On May 5, 2003,
gefitinib (
Iressa;
ZD1839) 250-mg
tablets (AstraZeneca Inc.) received accelerated approval by the United States Food and Drug Administration as monotherapy for patients with locally advanced or metastatic
non-small cell lung cancer after failure of both
platinum-based and
docetaxel chemotherapies. Information provided in this summary includes chemistry manufacturing and controls, clinical pharmacology, and clinical trial efficacy and safety results.
Gefitinib is an
anilinoquinazoline compound with the chemical name 4-quinazolinamine,N-(3-chloro-4-flurophenyl)-7-methoxy-6-[3-(4-morpholinyl)propoxy]. It has the molecular formula C(22)H(24)ClFN(4)O(3).
Gefitinib is often referred to as a "specific" or "selective" inhibitor of
epidermal growth factor receptor. Studies demonstrate, however, that
gefitinib inhibits the activity of other intracellular transmembrane
tyrosine-specific protein kinases at concentrations similar to those at which it inhibits the
epidermal growth factor signal. Maximum plasma concentrations resulting from clinically relevant doses are 0.5-1 microM or more, well within the IC(50) values of several
tyrosine kinases. No clinical studies have been performed that demonstrate a correlation between
epidermal growth factor receptor expression and response to
gefitinib.
Gefitinib is 60% available after
oral administration and is widely distributed throughout the body.
Gefitinib is extensively metabolized in the liver by
cytochrome P450 3A4 enzyme. Over a 10-day period, approximately 86% of an orally administered radioactive dose is recovered in the feces, with <4% of the dose in the urine. After daily
oral administration, steady-state plasma levels are reached in 10 days and are 2-fold higher than those achieved after single doses.

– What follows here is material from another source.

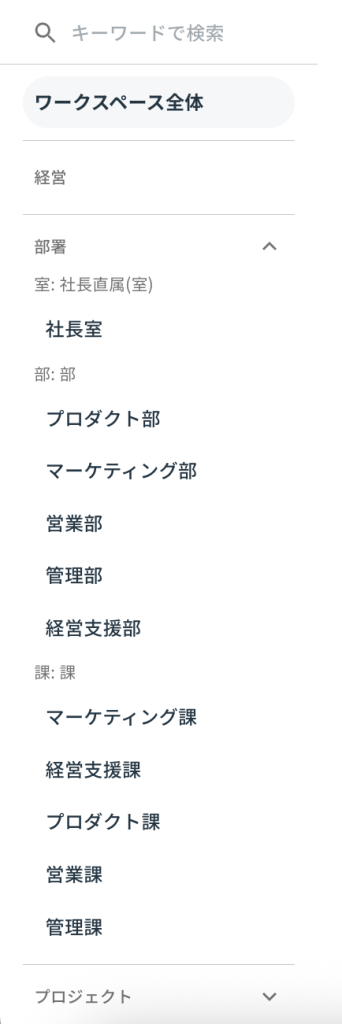 分析対象とは、ワークスペースの「部署」「プロジェクト」「ユーザー」などのタスク分析の対象です。分析対象を設定する場合には、タスク分析画面の左側にある「ワークスペース全体」「経営」「部署」「プロジェクト」「ユーザー」から選んでください。「部署」「プロジェクト」「ユーザー」から選ぶ場合には、プルダウンから分析対象をクリックしてください。また、検索欄から「キーワードで検索」をすることで、分析対象をかんたんに選ぶこともできます。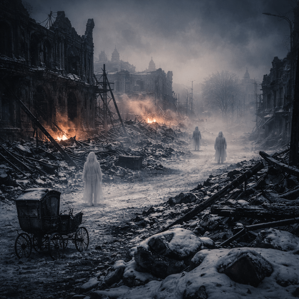 As relief workers and soldiers continued patrols into early January—including January 5—multiple witnesses described phenomena that could not be easily dismissed as shock alone. Reports included footsteps crunching through snow in abandoned districts, voices calling for help from collapsed buildings already searched and cleared, and shadowy figures seen standing in streets that no longer existed.

Gefitinib effectiveness was demonstrated in a randomized, double-blind, Phase II, multicenter trial comparing two oral doses of
gefitinib (250 versus 500 mg/day). A total of 216 patients were enrolled. The 142 patients who were refractory to or intolerant of a
platinum and
docetaxel comprised the evaluable population for the efficacy analysis. A partial
tumor response occurred in 14% (9 of 66) of patients receiving 250 mg/day
gefitinib and in 8% (6 of 76) of patients receiving 500 mg/day
gefitinib. The overall objective response rate (RR) for both doses combined was 10.6% (15 of 142 patients; 95% confidence interval, 6.0-16.8%). Responses were more frequent in females and in nonsmokers. The median duration of response was 7.0 months (range, 4.6-18.6+ months). Other submitted data included the results of two large trials conducted in
chemotherapy-naive, stage III and IV
non-small cell lung cancer patients. Patients were randomized to receive
gefitinib (250 or 500 mg daily) or placebo, in combination with either
gemcitabine plus
cisplatin (n = 1093) or
carboplatin plus
paclitaxel (n = 1037). Results from this study showed no benefit (RR, time to progression, or survival) from adding
gefitinib to
chemotherapy. Consequently, gefinitib is only recommended for use as monotherapy. Common adverse events associated with
gefitinib treatment included
diarrhea,
rash,
acne, dry skin,
nausea, and
vomiting.
Interstitial lung disease has been observed in patients receiving
gefitinib. Worldwide, the incidence of
interstitial lung disease was about 1% (2% in the Japanese post-marketing experience and about 0.3% in a United States expanded access program). Approximately one-third of the cases have been fatal.
Gefitinib was approved under accelerated approval regulations on the basis of a
surrogate end point, RR. No controlled
gefitinib trials, to date, demonstrate a clinical benefit, such as improvement in disease-related symptoms or increased survival. Accelerated approval regulations require the sponsor to conduct additional studies to verify that
gefitinib therapy produces such benefit.